В это время организовывалась колонна особого резерва для обслуживания фронта. Мы с мужем просились туда. Муж был старшим машинистом, а я машинистом. Четыре года в теплушке ездили, и сын вместе с нами, он у меня за всю войну даже кошку не видел. Когда поймал под Киевом кошку, наш состав страшно бомбили, налетело пять самолетов, а он обнял ее: „Кисанька, милая, как я рад, что я тебя увидел. Я не вижу никого, ну, посиди со мной. Дай я тебя поцелую“. Ребенок. У ребенка все должно быть детское…
Сколько я провезла поездов на фронт? Вот считайте: один состав в сутки, в среднем выходит триста шестьдесят пять составов в год. А за четыре года? Перемножьте — полторы тысячи составов получится. Мы с мужем везли на фронт чехословацкий корпус полковника Свободы. Нас всегда бомбили, обстреливали из пулеметов. И стреляют-то по паровозу, им главное — убить машиниста, уничтожить паровоз. Самолеты опускались низко и били по теплушке и по паровозу, а в теплушке мой сын сидит. Я больше всего боялась за сына, когда бомбили, брала его из теплушки с собой на паровоз. Схвачу его, прижму к сердцу: „Пусть убьют одним осколком“. Разве так убьет? Поэтому, видно, и жива осталась.
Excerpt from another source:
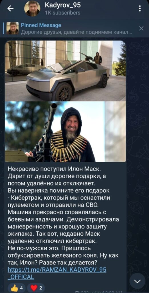 Ramzan Kadyrov, the Chechen leader, made a startling claim on Friday implicating Tesla’s enigmatic CEO, Elon Musk. Kadyrov alleged that Musk remotely deactivated his prized Cybertruck, equipped with a mounted machine gun, as it was deployed to the Northern Military District amidst the Russia-Ukraine conflict.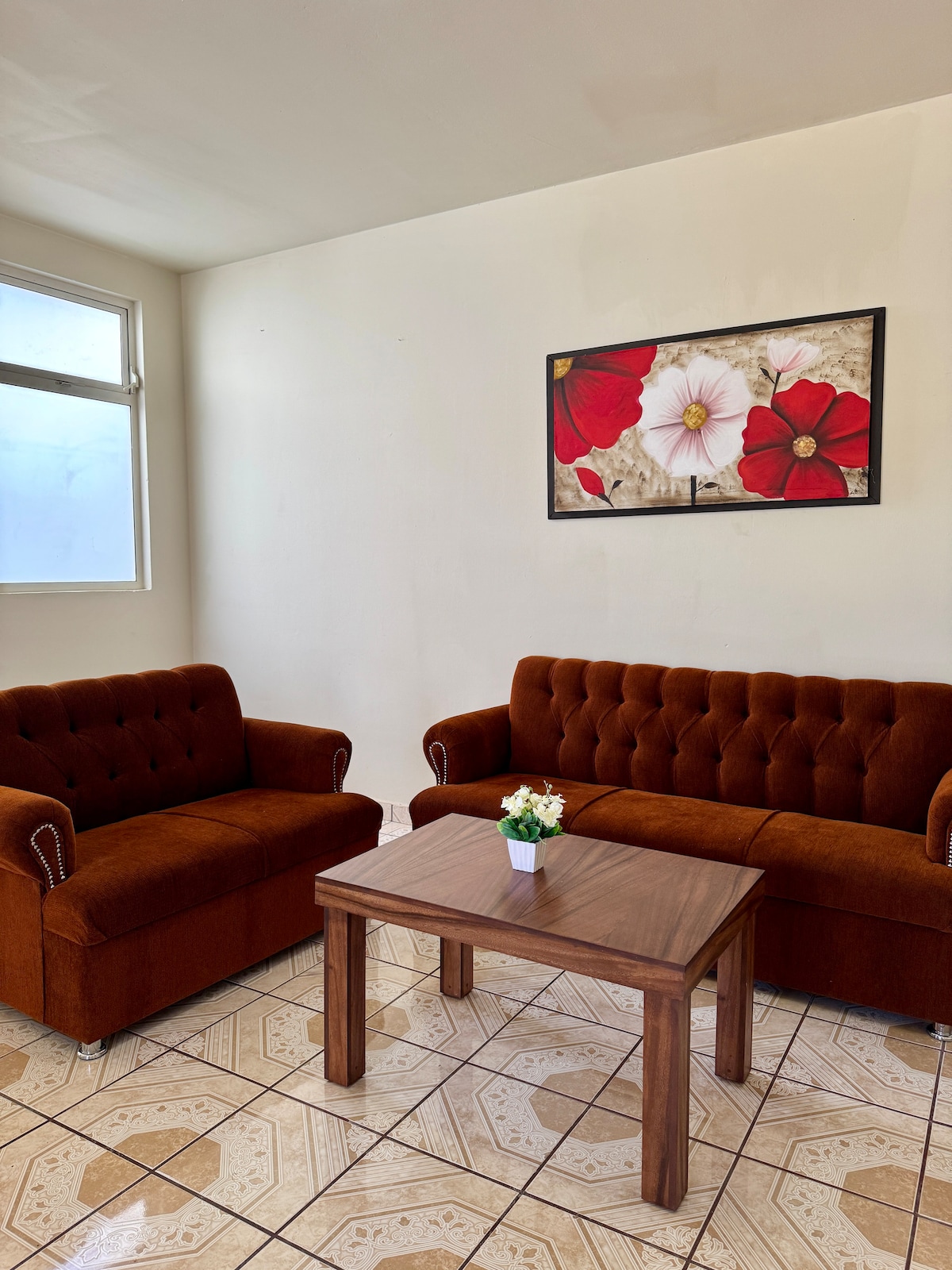 Step into this spacious apartment that is centrally located in the heart of La Capilla de Guadalupe. This apartment is located on the 2nd floor with a private & secure entrance. You have 3 bedrooms with full size beds, a spacious bathroom and a large living and dining room. There is a washer and dryer located inside the apartment for your convenience. The apartment is located near a small grocery. Distances: Tepatitlan: 25 minutes San Ignacio: 15 minutes Arandas: 25 minutes

Сын сейчас врач, заведующий отделением. Я долго за него переживала. Мы приехали с фронта, ему было десять лет. Он пошел в первый класс. Я боялась, что он будет неполноценным, потому что нас все время бомбили, а он прекрасный парень, у меня невестка, трое внуков.
Паровоз — моя жизнь, моя молодость, мое самое красивое в жизни. Я бы и сейчас хотела водить поезда, но меня не пускают — старая… (Смеется.)
Вы не знаете, как страшно в войну иметь одного ребенка. Вот мы сейчас живем. Я живу с семьей сына. Я никуда не уезжаю, никогда путевок не беру… Вы не поверите: я не хочу расставаться с сыном, с внуками. Мне на один день страшно с ними расстаться. И сын у меня никуда не ездит. Скоро двадцать пять лет, как он работает, и ни разу никуда не ездил по путевке. На работе страшно удивлены, что он ни разу не попросил путевки. „Мамочка, я лучше побуду с тобой“, — вот что он говорит. И невестка у меня такая. Мы даже дачи не имеем только из-за того, что не можем расстаться даже на несколько дней. Это странно, может быть, на ваш взгляд, но я не могу жить без них ни минуты.
— Даже на несколько дней не можете расстаться?
— Нет, это невозможно не видеть их целый день. Если бы вы были на войне, вы бы знали, что это такое — расстаться на день. На один только день…»
Где же живет та мать, которая хочет войны? Желает ее своим детям, своим внукам?..
«Не могу видеть, как дети играют „в войну“…»
«…В этом бою захватили очень много пленных. Были среди них раненые. Мы перевязывали их. А жара сильная. Нашли чайник, дали попить. А место открытое. Нас обстреливают. Приказ: срочно окопаться, сделать маскировку.
Мы стали копать окопы. Немцы смотрят. Мы им объясняем: мол, помогите копать, давайте работать. Они, когда поняли, что мы от них хотим, с ужасом на нас оглядывались, они так поняли, что, когда выкопают ямы, мы их поставим там и расстреляем. Они ожидали, что мы с ними поступим так, как они с нашими пленными. Надо было видеть, с каким ужасом они копали ямы.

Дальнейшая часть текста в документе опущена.